[英]Name Entities Replacement - Pandas Dataframe with text column - Preprocessing
我有一个 dataframe 带有一列句子(文本)。 我想执行名称实体替换:我有一个列表,其元素是股票信息
stocks = [
{"symbol": "GS", "company": "Goldman Sachs", "index": "Dow Jones", "sector": "Financial Services"},
{"symbol": "JPM", "company": "JPMorgan Chase", "index": "Dow Jones", "sector": "Financial Services"},
{"symbol": "TRV", "company": "The Travelers Companies", "index": "Dow Jones", "sector": "Financial Services"},
{"symbol": "V", "company": "Visa Inc.", "index": "Dow Jones", "sector": "Financial Services"},
{"symbol": "AMGN", "company": "Amgen", "index": "Dow Jones", "sector": "Healthcare"},
{"symbol": "JNJ", "company": "Johnson & Johnson", "index": "Dow Jones", "sector": "Healthcare"}
]
我想在我的 dataframe 句子中找到 'symbol' 和 'company' ,以便将符号替换为'<TCK>'
并将公司替换为'<CMPY>'
。 function 必须应用于所有行。
我正在寻找一个 function 接收带有标记化文本的 dataframe 并返回处理后的文本。 重要的是要匹配整个公司名称,而不仅仅是名称的一个元素。 关于符号,我知道这有点困难,因为在文本中很容易找到“V”(签证符号),但是我来这里是为了听到一些好的解决方法
让我们举一个例子开始:
print(dataframe['text'])
Output:
0 [GS is the main company of Dow Jones]
1 [Once again Visa surprises all]*
2 [Johnson & Johnson's vaccine is the best one]
我想要一个具有以下结果的新列:
0 [<TKR> is the main company of Dow Jones]

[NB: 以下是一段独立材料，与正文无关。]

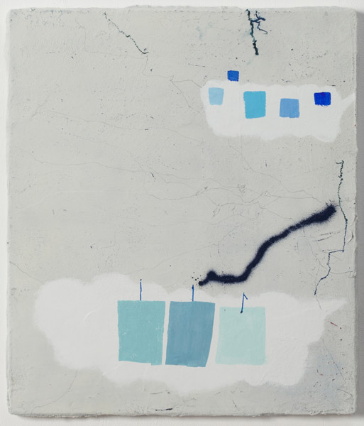 • BM, 2017 Acrylic, oil pastel, house paint and spray paint on plaster on wooden pannel 410 × 318 mm

1 [Once again <CMPY> surprises all]*
2 [<CMPY>'s vaccine is the best one]
第 1 行 --> 棘手的第一行,因为公司的真实名称是“Visa Inc.”。 不只是签证...我真的不知道如何处理它。
我不知道使用标记化的句子是否更好:因为在这种情况下,我还需要标记高盛等“公司”。
您可以使用
import pandas as pd
import re
stocks = [
{"symbol": "GS", "company": "Goldman Sachs", "index": "Dow Jones", "sector": "Financial Services"},
{"symbol": "JPM", "company": "JPMorgan Chase", "index": "Dow Jones", "sector": "Financial Services"},
{"symbol": "TRV", "company": "The Travelers Companies", "index": "Dow Jones", "sector": "Financial Services"},
{"symbol": "V", "company": "Visa Inc.", "index": "Dow Jones", "sector": "Financial Services"},
{"symbol": "AMGN", "company": "Amgen", "index": "Dow Jones", "sector": "Healthcare"},
{"symbol": "JNJ", "company": "Johnson & Johnson", "index": "Dow Jones", "sector": "Healthcare"}
]
def process_term(term):
t = [x for x in term.split()]
first = t[0]
if len(t) > 1:
first = first + r"(?:\s+{}{}".format("(?:\s+".join(map(re.escape,t[1:])), ")?" * (len(t)-1))
return first
dataframe = pd.DataFrame({'text':['GS is the main company of Dow Jones', 'Once again Visa surprises all', "Johnson & Johnson's vaccine is the best one"]})
rx_symbol = r"\b(?:{})\b".format("|".join([x["symbol"] for x in stocks]))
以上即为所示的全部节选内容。